▸ **Task brief**
Locate the line containing "浴室リフォームと同時に古くなった洗面化粧台の取替もご検討いただきました" in the material below. Copy that line and all following lines through the end exactly, omitting any pictures.

▸ **Supplied records**
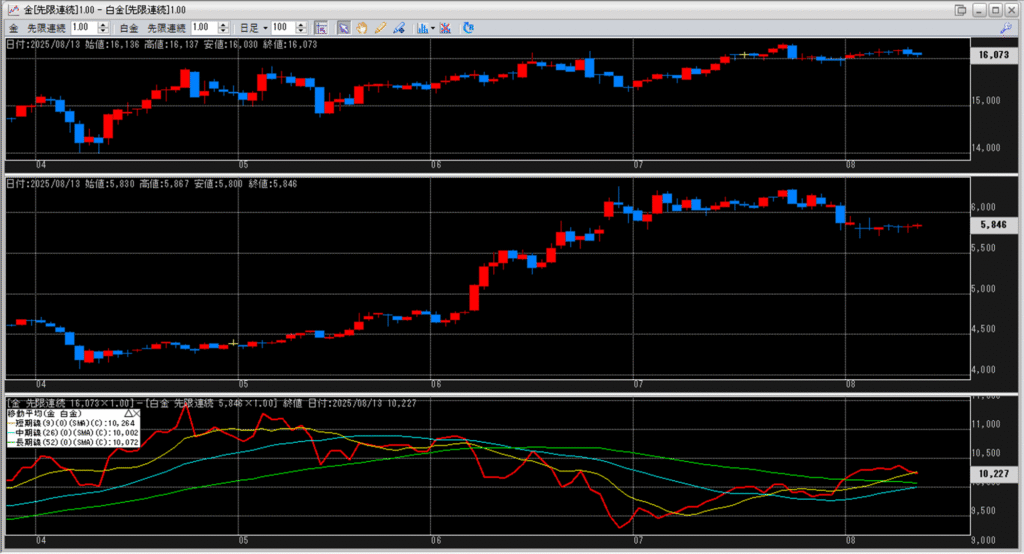 下記に金白金鞘の移動平均線のチャートを貼り付けています。
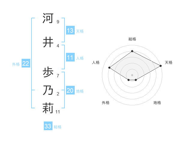 河井 歩乃莉さんを姓名の画数から五運を鑑定
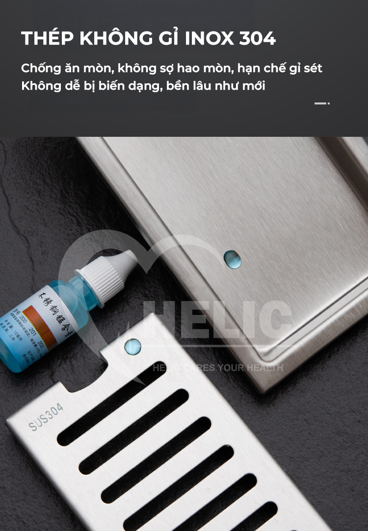 - Phễu thoát sàn Helic HFD813 được làm từ thép không gỉ inox 304 cao cấp, bền đẹp theo thời gian, không han gỉ, không oxy hóa.
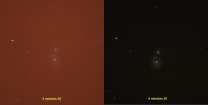 A titre d'illustration, voici deux photographies qui ont été prises dans des conditions très similaires, au zénit et vers minuit, à quelques jours d'intervalle, avec le même dispositif et la même sensibilité.
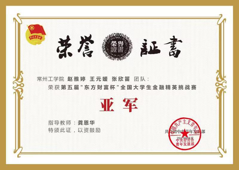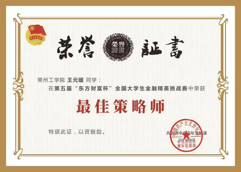 由共青团中央青年发展部主办,东方财富信息股份有限责任公司、全国共青团研究中心和共青团复旦大学委员会承办的第五届“东方财富杯”全国大学生金融精英挑战赛经过四个月的比赛,于11月28日举行颁奖大会。我校经济与管理学院指导团队经过通力合作共获得:全国亚军、最佳策略师、国赛最佳组织奖、最佳指导老师奖(全国共3名)。国赛一等奖团队共5个,我校排名全国第三、江苏省第一。
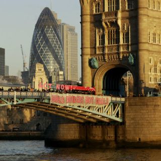 Entretanto, en el emblemático puente de la Torre de Londres (Tower Bridge) los organizadores colgaron un cartel de 25 metros con la leyenda "Bridges not Walls" (Puentes no muros).
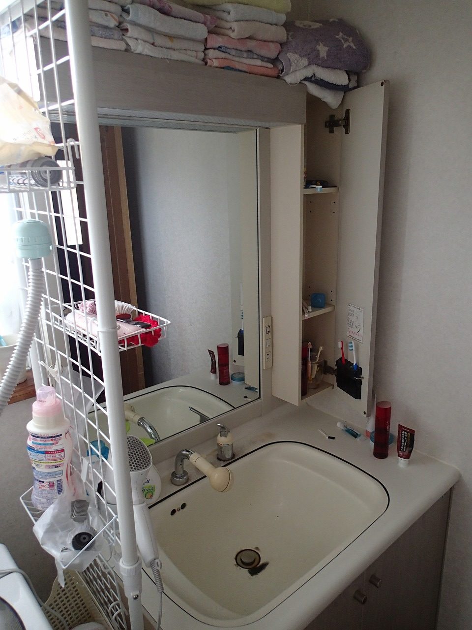 浴室リフォームと同時に古くなった洗面化粧台の取替もご検討いただきました
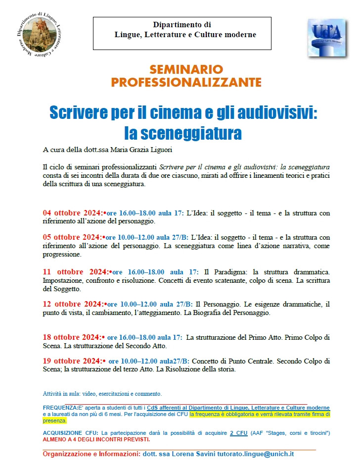 Seminario professionalizzante - "Scrivere per il cinema e gli audiovisivi: la sceneggiatura" - 4, 5, 11, 12, 18 e 19 ottobre 2024
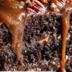 After the cake cools slightly but is still warm, drizzle the top with both caramel and chocolate sauce, creating that signature “turtle” look and flavor. If you like, sprinkle additional pecans over the top to enhance the texture and add a pretty finishing detail. This topping seals the deal and turns your cake into a showstopper dessert.
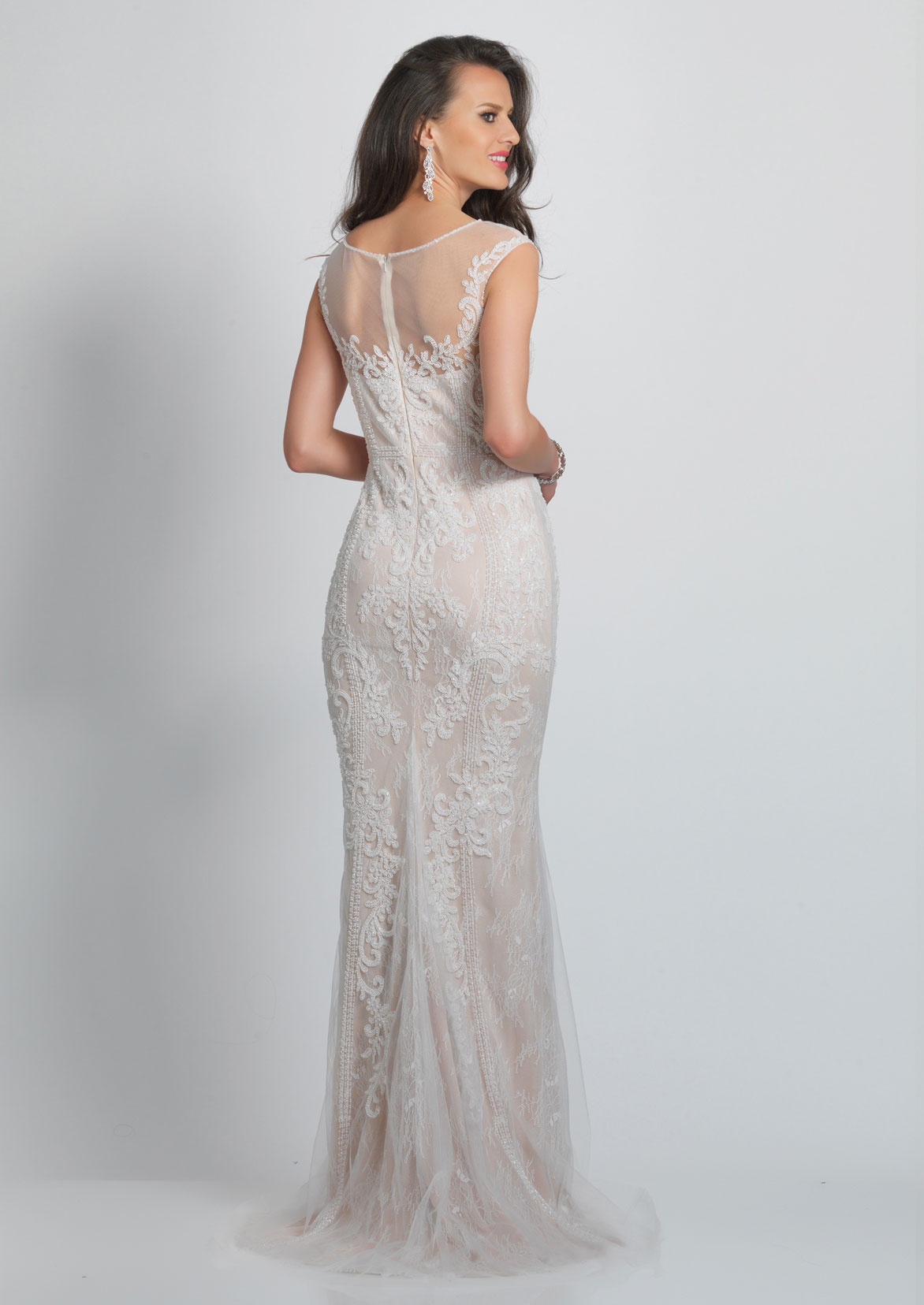 Dave and Johnny Prom Dress A8442W. A lace overlay fitted gown with an illusion neckline.

▸ **Solution**
 浴室リフォームと同時に古くなった洗面化粧台の取替もご検討いただきました
 Seminario professionalizzante - "Scrivere per il cinema e gli audiovisivi: la sceneggiatura" - 4, 5, 11, 12, 18 e 19 ottobre 2024
 After the cake cools slightly but is still warm, drizzle the top with both caramel and chocolate sauce, creating that signature “turtle” look and flavor. If you like, sprinkle additional pecans over the top to enhance the texture and add a pretty finishing detail. This topping seals the deal and turns your cake into a showstopper dessert.
 Dave and Johnny Prom Dress A8442W. A lace overlay fitted gown with an illusion neckline.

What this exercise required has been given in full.